Every time an AI coding agent starts a new session, it has to re-parse the repository from scratch. For a large Java or TypeScript monolith, that means 5–15 seconds per invocation. Multiply by dozens of agent turns per hour, and repo context acquisition becomes a real bottleneck — not just latency, but tokens, compute, and iteration velocity.

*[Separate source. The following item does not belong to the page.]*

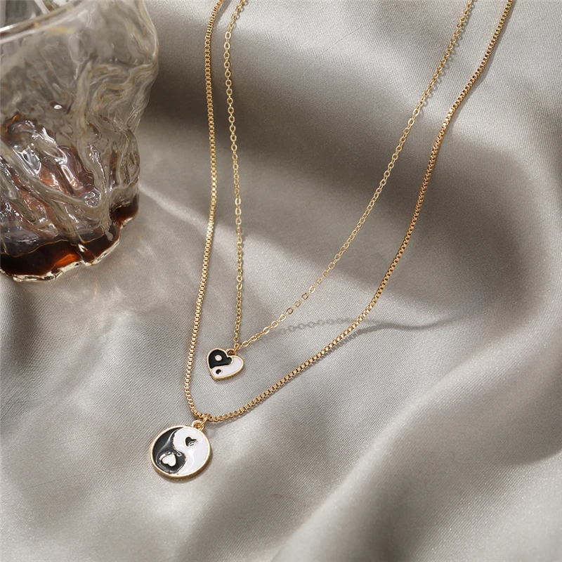Женское многослойное ожерелье с подвеской в виде радужного сердца

`sourcecode` solves this with a persistent structural cache keyed on file content hashes. After the first scan, every subsequent invocation returns pre-built context in milliseconds. The repo doesn't change? The cache doesn't expire.

**The cache is not a performance optimization. It is what makes sourcecode usable as infrastructure rather than a one-off tool.**

---

## Cache performance — measured on real repos

| Repo | Size | Cold scan | Cache hit | Speedup |
|------|------|-----------|-----------|---------|
| Keycloak | 7,885 Java files | 10.5s | 0.6s | **~17x** |
| BroadleafCommerce | 2,985 Java files | 2.7s | 0.3s | **~9x** |

Cache keyed on content hashes — invalidated only when source changes. On repeated agent sessions against the same codebase, nearly every invocation is a cache hit.

**Token output (measured):**

| Mode | BroadleafCommerce | Keycloak |
|------|------------------|---------|
| `--compact` | ~2,900 | ~4,000 |
| `--agent` | ~4,800 | ~5,500 |
| `onboard` | ~2,600 | n/a |
| `fix-bug` (trimmed) | ~27,000 | ~4,600 |

---

## What changes at 0.3s vs 2.7s

At 2.7s per call, you use sourcecode to occasionally inspect a repo.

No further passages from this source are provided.